这位祖宗嘴上从不吃亏,怎么被人指着鼻子骂竟选择忍气吞声?
隔壁还在继续。
“哈哈哈,没有他弟弟,他算个什么东西?”
“连静风也是可怜,光风霁月的太子殿下,却有如此上不得台面的双生哥哥拖后腿……”
葛逾怒道:“真是放肆,敢在背后编排太子殿下……”
连雪河见他搭台唱戏唱的有模有样,也没生气,垂着眸五指乱掐一通,忽地没头没尾地道:“赤口,血光之灾。”
葛逾一愣:“什么?”
没人听得懂这六个字是什么意思,唯独陶消默不作声地抬步,走到走到隔壁的小阁抬腿一踹,砰的一声。
里头的讥笑声瞬间停滞。
“放肆!谁准你闯进来……等等!你、你你要做什么……噗——!”
“啊!你敢打我?!知道我爹是谁……啊!!”
哀嚎声宛如天籁,连雪河慢条斯理伸着修长五指一根根收拢着握起,不咸不淡道:“葛府君你看,卜算之术,易如反掌。”
葛逾:“……”
023:【……】
祖宗果然不吃亏。
葛逾笑容只有一瞬的停滞,瞬间恢复如初,听到隔壁鬼哭狼嚎,无可奈何叹了口气,告罪后过去收拾烂摊子。
四周无人,连雪河终于开始算账。
他冷冷剜了殷裁一眼,压低声音命令:“以后没我的命令,再敢擅自行动,我就把你搅碎了糊墙。”
殷裁不吭声。
连雪河手指一动。
殷裁身躯猛地踉跄了下,契纹化为的锁链随着主人心神一动死死收紧。
连雪河冷冷道:“回答我,该说什么?”
殷裁脸色苍白,却没来由笑了下,故意挑衅:“谢主人赏?”
连雪河:“……”
连雪河怒极反笑。
已经很久没人能让他这么来气了。
连雪河伸手掐住殷裁的下巴,另一只手散漫地用指节拍他的侧脸,压低声音道:“别以为你是什么假魂我就不敢动你,控控你脑子里的水,嘴里别乱吐象牙。”

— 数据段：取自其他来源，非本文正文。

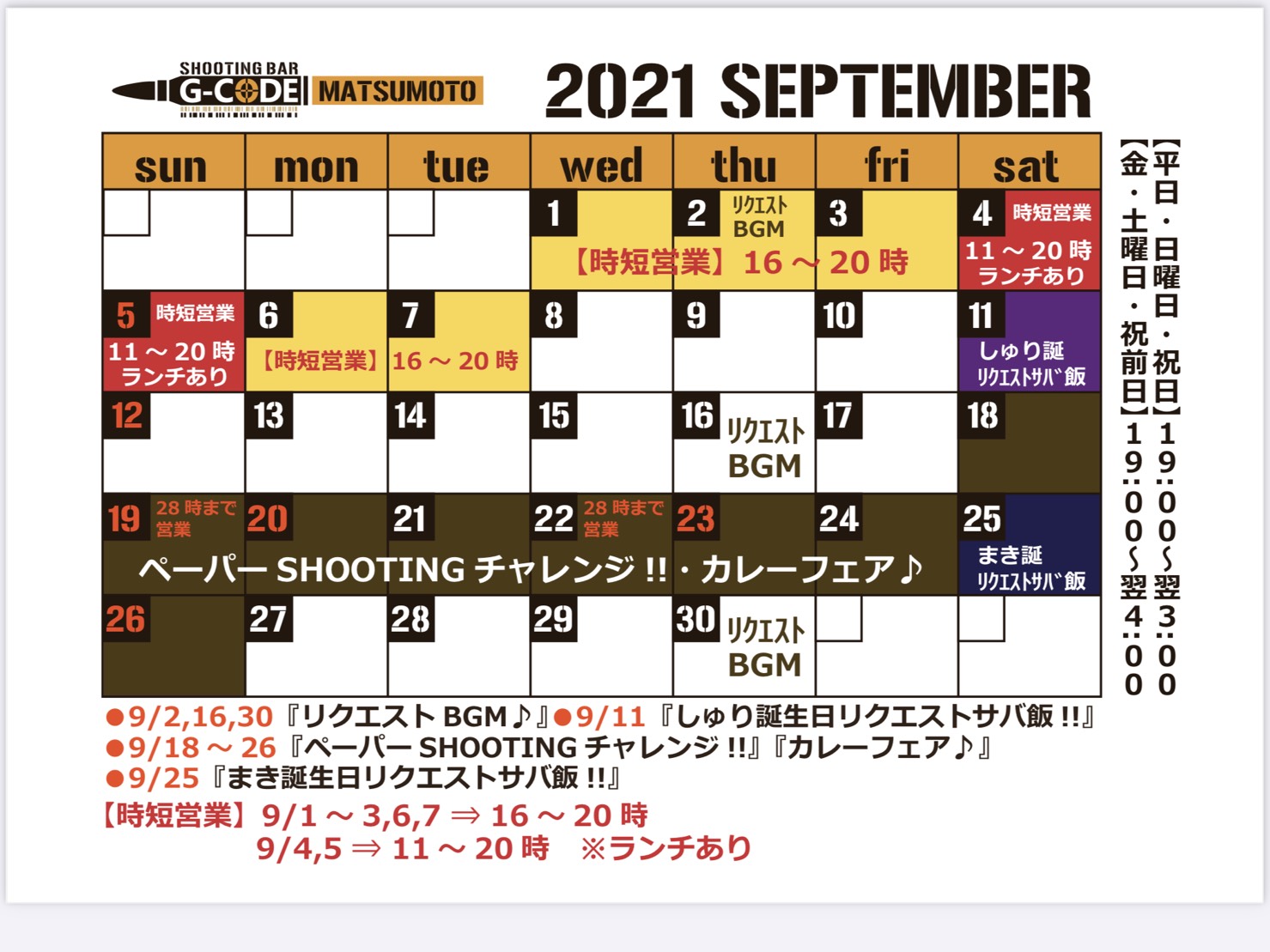 9月も前半は時短営業が続きます!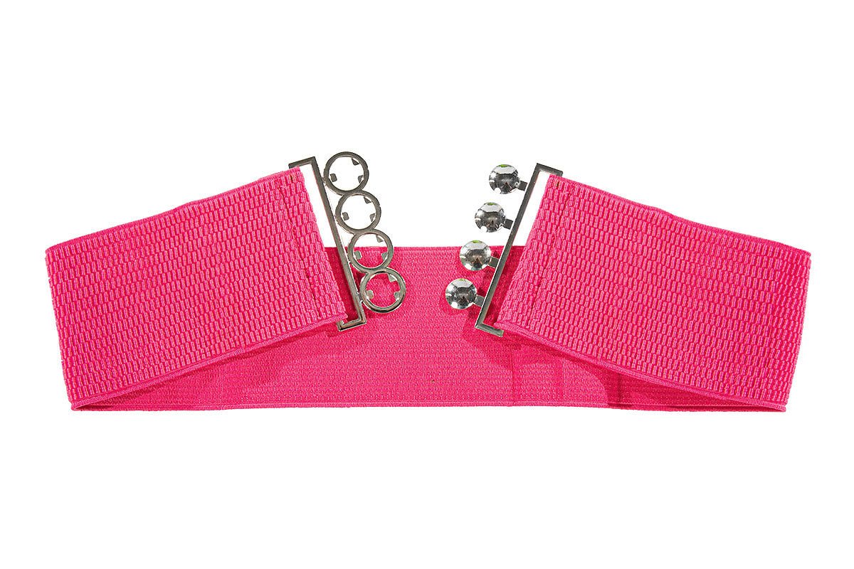 Simpatica cintura elastica di colore rosa con fibbia argentata. Perfetta come accessorio per feste, eventi a tema o abiti in maschera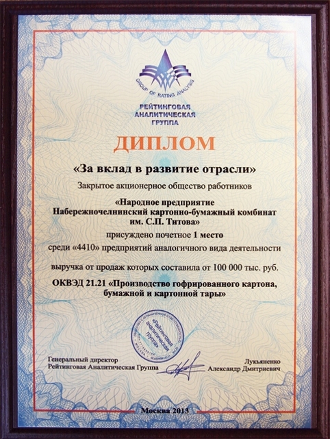 Независимая национальная компания "Рейтинговая Аналитическая Группа" по итогам анализа деятельности предприятий России присудила первое место "Набережночелнинскому картонно-бумажному комбинату им. С.П. Титова" среди 4410 предприятий, занимающихся производством картонной и бумажной тары.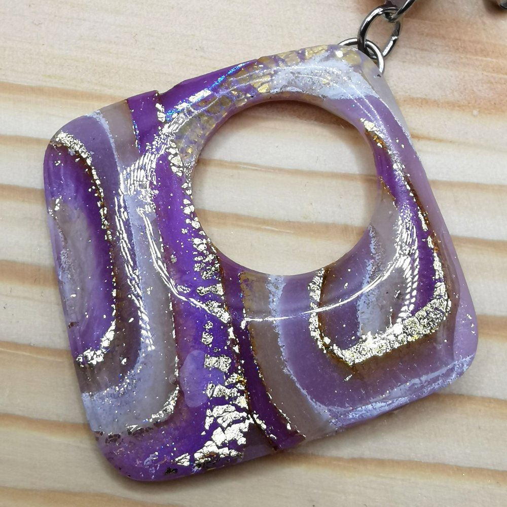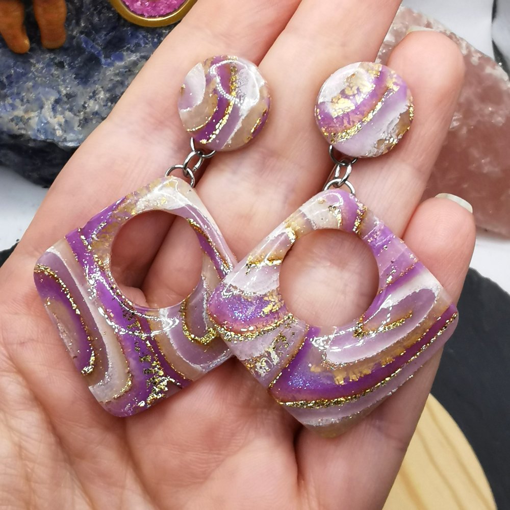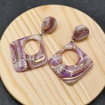 - Boucles d'oreilles en pâte polymère translucide du translucide au violet, sublimer par une couche de résine.

殷裁直直望着那张脸,喉结轻动,余光扫了圈旁边好似呲花般的假魂。
连雪河似乎真动了气,假魂浑身都在冒火,一边嗷嗷喷火一边愤怒地告诉他主人想听的正确答案:“是!主人!是!主人!”
殷裁欣赏着连雪河难得一见的怒颜,好一会才慢吞吞道:“是,主人。”
“乖。”连雪河终于扳回一城,伸手施舍似的随意拍拍他的脸,将人不耐地按到一边去。
023看得目瞪口呆。
宿主怎么和自己的“假魂”也能是对抗路?
几句话的功夫,陶消折返回来,剑鞘上沾着血,隔壁小阁已没了动静。
葛逾脸色也颇为难看,想来那几个二世祖伤得不轻。
就在这时,祭祀台上的祭司已完成了祭天,朝天说了句听不懂的祝祷词,随后潮水似的退去。
葛逾敛去不愉的神色,笑着道:“叨扰殿下雅兴了——您今日来得正是时候,不然就要错过一场好戏了。”
连雪河本来还在疑惑什么‘好戏’,就见祭祀台悄无声息出现一只狰狞丑陋的恶兽,似蛇又似马,浑身近乎腐烂,獠牙大张着露出涎液,落地时将砖腐蚀了一大块。
连雪河一愣。
葛逾道:“去年在三千里外的城镇有天谴降临,这只便是被天谴击中的恶兽。天道祭典前,会有祭司持剑将它血祭,以此卜算顺承府十年的吉凶。”
连雪河微笑,心想不用卜,大凶。
葛逾轻轻拍掌,“斗兽场”的圆台另一侧石门大开,一人身着繁琐的祭祀长袍,持着利剑迈步而出,瞧着身形似乎是个少年。
少年祭司身形纤瘦,站在小山般的恶兽前如同一只蝼蚁,不禁让连雪河心生怀疑。